This idea was formalized by R. Aumann and A. Brandenburger, 1995, Epistemic Conditions for Nash Equilibrium, Econometrica, 63, 1161-1180 who interpreted each player's mixed strategy as a conjecture about the behaviour of other players and have shown that if the game and the rationality of players is mutually known and these conjectures are commonly known, then the conjectures must be a Nash equilibrium (a common prior assumption is needed for this result in general, but not in the case of two players. In this case, the conjectures need only be mutually known).

A second interpretation, that Nash referred to by the mass action interpretation, is less demanding on players:

[i]t is unnecessary to assume that the participants have full knowledge of the total structure of the game, or the ability and inclination to go through any complex reasoning processes.

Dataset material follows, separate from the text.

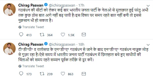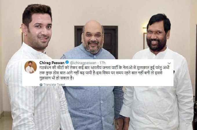 उधर, पार्टी ने स्पष्ट किया है कि यह ट्वीट चिराग की व्यक्तिगत राय नहीं है। पूरी पार्टी ऐसा ही सोचती है। बुधवार को रामविलास पासवान के भाई और पार्टी नेता पशुपति पारस ने अल्टीमेटम दिया कि अमित शाह 31 दिसंबर तक फैसला लें। उन्होंने यह भी कहा पार्टी को लोकसभा चुनाव में में 7 सीटों में एक भी कम मंजूर नहीं है।

What is assumed is that there is a population of participants for each position in the game, which will be played throughout time by participants drawn at random from the different populations. If there is a stable average frequency with which each pure strategy is employed by the average member of the appropriate population, then this stable average frequency constitutes a mixed strategy Nash equilibrium.

For a formal result along these lines, see Kuhn, H. and et al., 1996, "The Work of John Nash in Game Theory", Journal of Economic Theory, 69, 153–185.

Due to the limited conditions in which NE can actually be observed, they are rarely treated as a guide to day-to-day behaviour, or observed in practice in human negotiations. However, as a theoretical concept in economics and evolutionary biology, the NE has explanatory power. The payoff in economics is utility (or sometimes money), and in evolutionary biology is gene transmission; both are the fundamental bottom line of survival. Researchers who apply games theory in these fields claim that strategies failing to maximize these for whatever reason will be competed out of the market or environment, which are ascribed the ability to test all strategies. This conclusion is drawn from the "stability" theory above. In these situations the assumption that the strategy observed is actually a NE has often been borne out by research.^[25]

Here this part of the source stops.